# Spambase Problem: Strongly Typed GP¶

This problem is a classification example using STGP (Strongly Typed Genetic
Programming). The evolved programs work on floating-point values AND Booleans
values. The programs must return a Boolean value which must be true if e-mail
is spam, and false otherwise. It uses a base of emails (saved in
*spambase.csv*, see Reference), from which it randomly chooses 400
emails to evaluate each individual.

## Primitives set¶

Strongly-typed GP is a more generic GP where each primitive, in addition to have an arity and a corresponding function, has also a specific return type and specific parameter(s) type. In this way, each primitive is someway describe as a pure C function, where each parameter has to be one of the good type, and where the return value type is specified before run time.

Note

Actually, when the user does not specify return or parameters type, a default type is selected by DEAP. On standard GP, because all the primitives use this default type, this behaves as there was no type requirement.
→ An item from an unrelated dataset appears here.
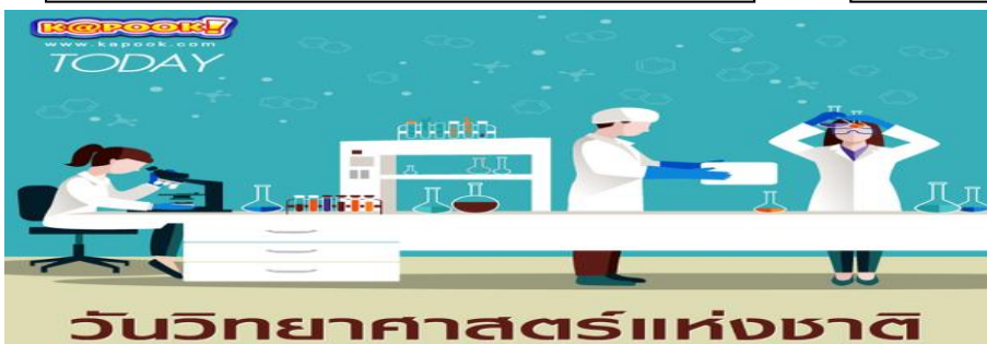
วัน 18 สิงหาคม 2559 “วันวิทยาศาสตร์แห่งชาติ”

We define a typed primitive set almost the same way than a normal one, but we have to specify the types used.

```
spam = list(list(float(elem) for elem in row) for row in spamReader)
# defined a new primitive set for strongly typed GP
pset = gp.PrimitiveSetTyped("MAIN", itertools.repeat(float, 57), bool, "IN")
# boolean operators
pset.addPrimitive(operator.and_, [bool, bool], bool)
pset.addPrimitive(operator.or_, [bool, bool], bool)
pset.addPrimitive(operator.not_, [bool], bool)
# floating point operators
# Define a protected division function
def protectedDiv(left, right):
try: return left / right
except ZeroDivisionError: return 1
pset.addPrimitive(operator.add, [float,float], float)
pset.addPrimitive(operator.sub, [float,float], float)
pset.addPrimitive(operator.mul, [float,float], float)
pset.addPrimitive(protectedDiv, [float,float], float)
# logic operators
# Define a new if-then-else function
def if_then_else(input, output1, output2):
if input: return output1
else: return output2
pset.addPrimitive(operator.lt, [float, float], bool)
pset.addPrimitive(operator.eq, [float, float], bool)
pset.addPrimitive(if_then_else, [bool, float, float], float)
# terminals
```

On the first line, we see the declaration of a typed primitive set with
`PrimitiveSetTyped`

. The first argument remains the set name,
but the next ones are the type of the entries (in this case, we have 57 float
entries and one Boolean output; we could have written float 57 times, but
it is fairly quicker and more understandable to use the
`itertools.repeat()`

function). The last argument remains the entries
prefix.

After that, we define the primitives themselves. The definition of a typed primitive has two additional parameters : a list containing the parameters type, in order, and the return type.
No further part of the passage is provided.